Различные характеры, выражаемые искусством,
только потому трогают нас, что в каждом из нас
есть возможности всех возможных характеров.
Л.Толстой
только потому трогают нас, что в каждом из нас
есть возможности всех возможных характеров.
Л.Толстой
Современному человеку знакомы самые разные модусы эротического чувства: от легких пасторальных переживаний до темных, болезненных самоистязаний плоти. Современная театральная и кинопанорама перенасыщена экстремальными эротическими сюжетами, демонстрирующими предельное самообнажение неконтролируемых порывов. При всей алхимии и гипертрофии эротического этот сектор культуры в современном обществе не является обособленным. В нем отражается целостный портрет нашего современника с переплетением в его переживаниях рационального и безотчетного, высокого и низкого, с постоянным расширением представлений о допустимом, человечески-приемлемом, удивляющем своей непредсказуемостью.
Взрыв интереса к эротическому - во многом и результат разочарования в возможности рационального выстраивания человеческого поведения, в обманных ценностях цивилизации и ее оракулов. Все это привело к возвышению в представлениях современного человека такого основания как "точка зрения жизни", т.е. безусловному предпочтению природного бытия - культуре, "естественного" человека - человеку, обремененному безличными нормами социума.

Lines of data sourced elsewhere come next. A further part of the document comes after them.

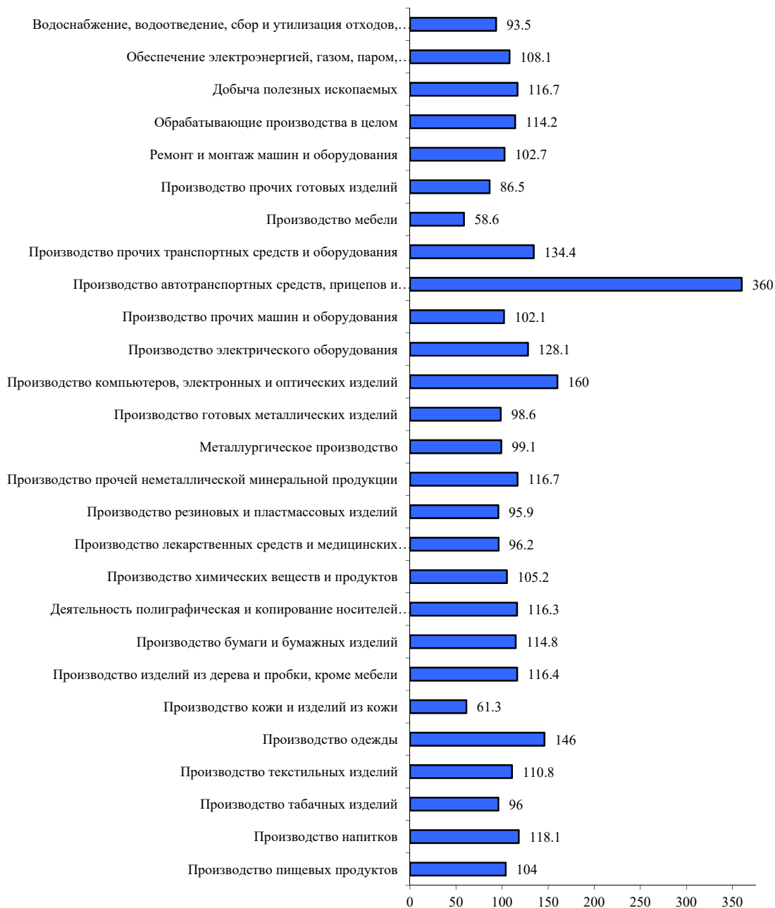
РИСУНОК 4. Индекс промышленного производства по отраслям, январь-октябрь 2024 г. к январю-октябрю 2023 г.

пружинными подвесками. Почти вся конструкция российская. Бывшую площадку Scania-MAN переименовали в завод «Романов», учредители его не раскрываются. В будущем планируется выпуск целого семейства полноприводных грузовиков с количеством осей от двух до четырех ( https://news.drom.ru 12.11.2024).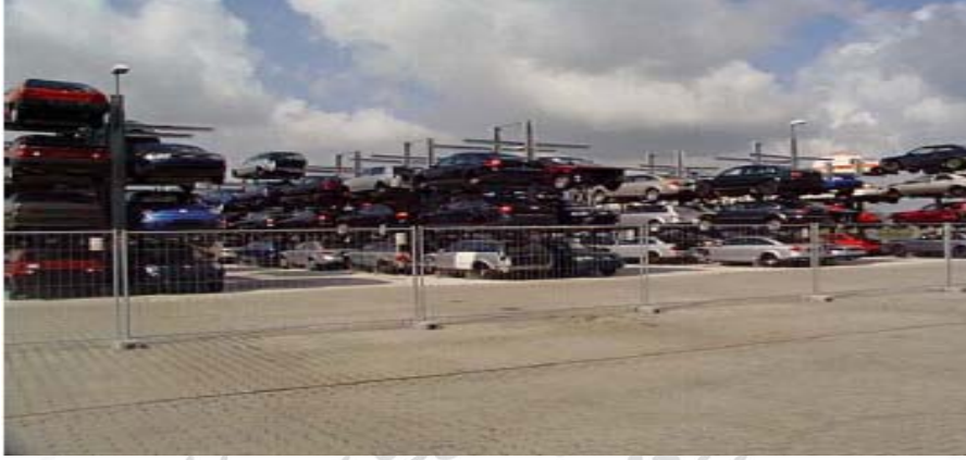
استلام السيارات القديمة وتسجيلها بالدفاتر الخاصة بالسيارات المخردة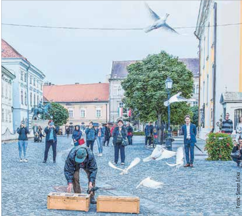
Galambbröptetéssel indult a Pünkösdi Virágálmom

Pünkösöd idejére idén is virágdíszbe öltözött a belváros. A helyi virágüzletek kompozíciói közül a fehérváriak választhatták ki a nekik leginkább tetszőt – ezúttal a Székesfehérvár applikáció segítségével lehetett szavazni.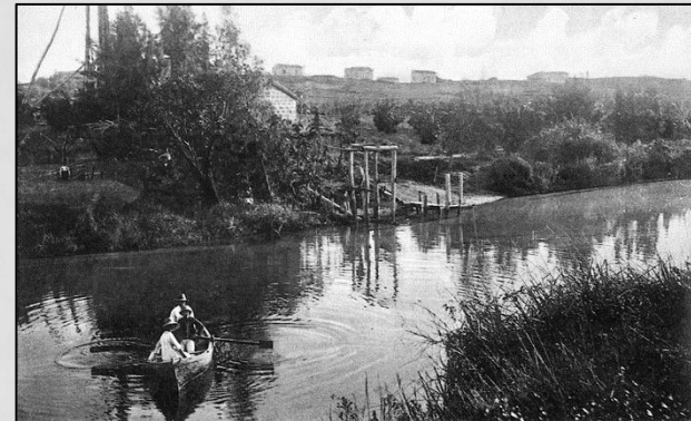
קיבוץ חפציבה שנות ה-40.

משה ואשר הגיעו מבודפשט והיו באותה חברת נוער בקיבוץ חפציבה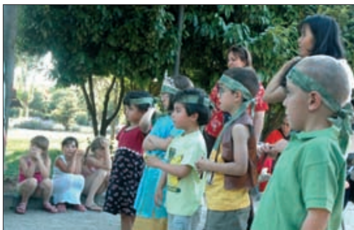
Los niños de la Ludoteca Municipal, La Luna, celebraron su fiesta de fin de curso un año más en el parque de La Quebradilla. Debajo, a la izquierda, la fiesta de los talleres de discapacidad. A la derecha, la de los mayores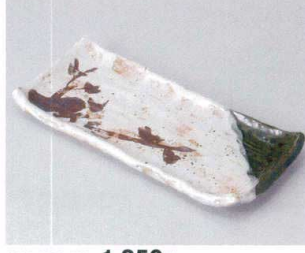
125-302-5 1,100円 手彫芦長角7.0皿(19.5×12.5×2.5) 512320605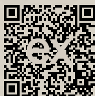
Link na ponuku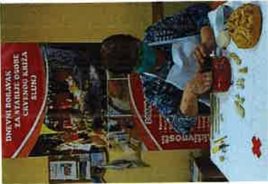
Tradicionalna izrada božićnjaka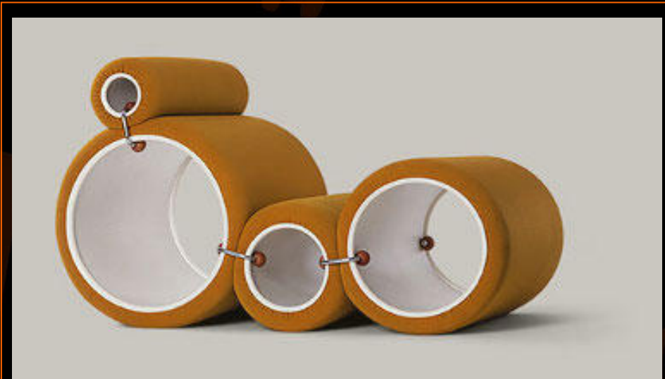
Projekt: Joe Colombo

klamek, fajek, budzików i zegarków. Od samego początku swej kariery interesował się systemami zagospodarowania mieszkań. Fascynacja ta doprowadziła do powstania krzesła Tube i Multi, które można było ze sobą dowolnie zestawiać, tworząc za każdym razem inny system wypoczynkowy, co odzwierciedlało główny cel projektów, które powinny dać się przystosować do różnych warunków i potrzeb. Jednak jego najbardziej śmiałe projekty, to zintegrowane mikroprzestrzenie. Visiona, jednostka mieszkalna przyszłości pokazana na wystawie Visiona firmy Bayer, kryła meble będące jednocześnie elementami strukturalnymi i na odwrót. Colombo projektował dla firm O-Luce, Kartell, Bieffe, Alessi, Flexform i Boffi. Jego wspaniale rozwijającą się karierę przerwała nagła śmierć. Colombo miał wtedy 41 lat.

Высвобождение "естественного" интимного поведения из-под наслоений культуры, импульсивные взрывы чувственности, сознательная демонстрация ее непонятных и потаенных форм - чрезвычайно характерны в современных тенденциях художественного творчества.
Чувственная сторона жизни человека в не меньшей степени, чем его осознанное поведение, воплотилась в художественных произведениях. Мировое эротическое искусство образует весьма значительный сектор культуры, игнорирование которого неизмеримо бы оскопило и упростило наше представление о человеке. Нельзя не вспомнить, что в любые эпохи наиболее тонкие и принципиальные критики готовы были выступить против господствующих норм и вкусов, если последние провоцировали создание "закругленных", предельно идеализированных, "сочиненных" образов человека. Так, еще ироничный Дидро, делясь впечатлениями о парижском Художественном салоне 1767 года, выражал сомнение в возможности существования прекраснейших мужчин и женщин, "которым в высшей степени свойственны все жизненные функции и которые достигли возраста самого полного своего развития, не выполняя ни одной из этих функций". В вечном споре - что подчеркивать и что скрывать в человеческой натуре, как совместить в искусстве культурную норму и спонтанность живой чувственности - это был один из голосов, призывающих к возможно полному охвату пространства человеческого существования.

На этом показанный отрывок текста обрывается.